• TASK TO COMPLETE: Write out again, exactly as they appear, the lines from the start of the data below through the line with "Modern kitchen island"; no pictures.

• INFORMATION SHOWN:
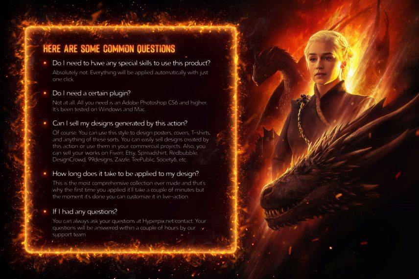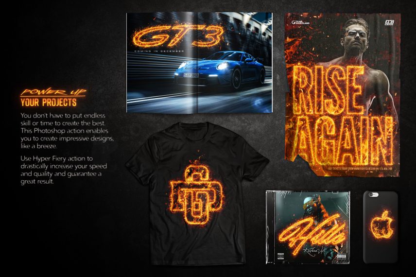 Set your text or logo or any shape on fire, with a single spark. Bring a realistic fire effect to your projects with this Photoshop action, without needing any skill. We have gathered the best effects ever, so you can use them in your projects and save yourself an enormous amount of time and energy.
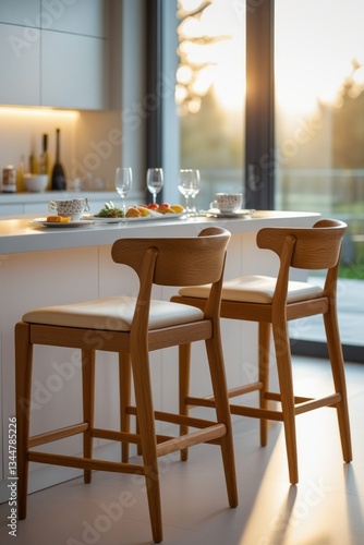 Modern kitchen island barstools, sunny morning
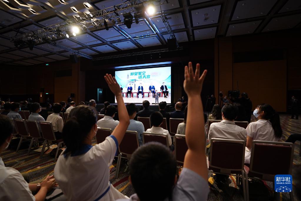 9月3日,在香港会场,香港青年学生代表向北京航天专家连线提问。
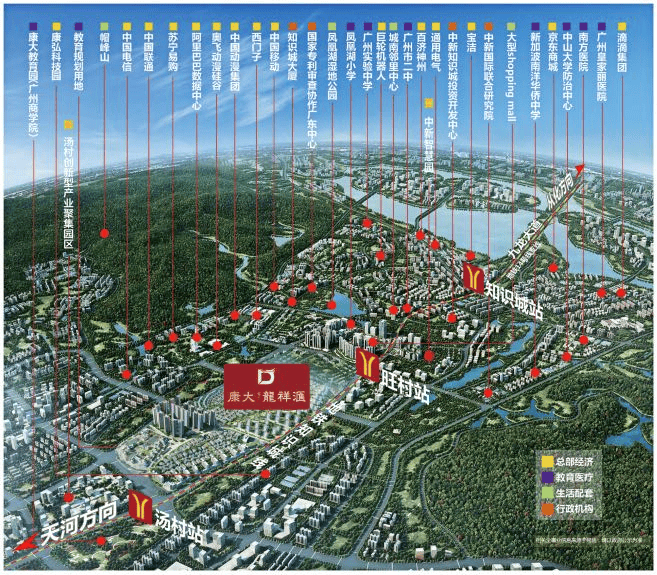 旺村、汤村双地铁口上盖,5站到天河。知识城主干道九龙大道,约2公里接驳广河高速,瞬达广州主城及粤港澳大湾区主要城市。

• ANSWER:
 Set your text or logo or any shape on fire, with a single spark. Bring a realistic fire effect to your projects with this Photoshop action, without needing any skill. We have gathered the best effects ever, so you can use them in your projects and save yourself an enormous amount of time and energy.
 Modern kitchen island barstools, sunny morning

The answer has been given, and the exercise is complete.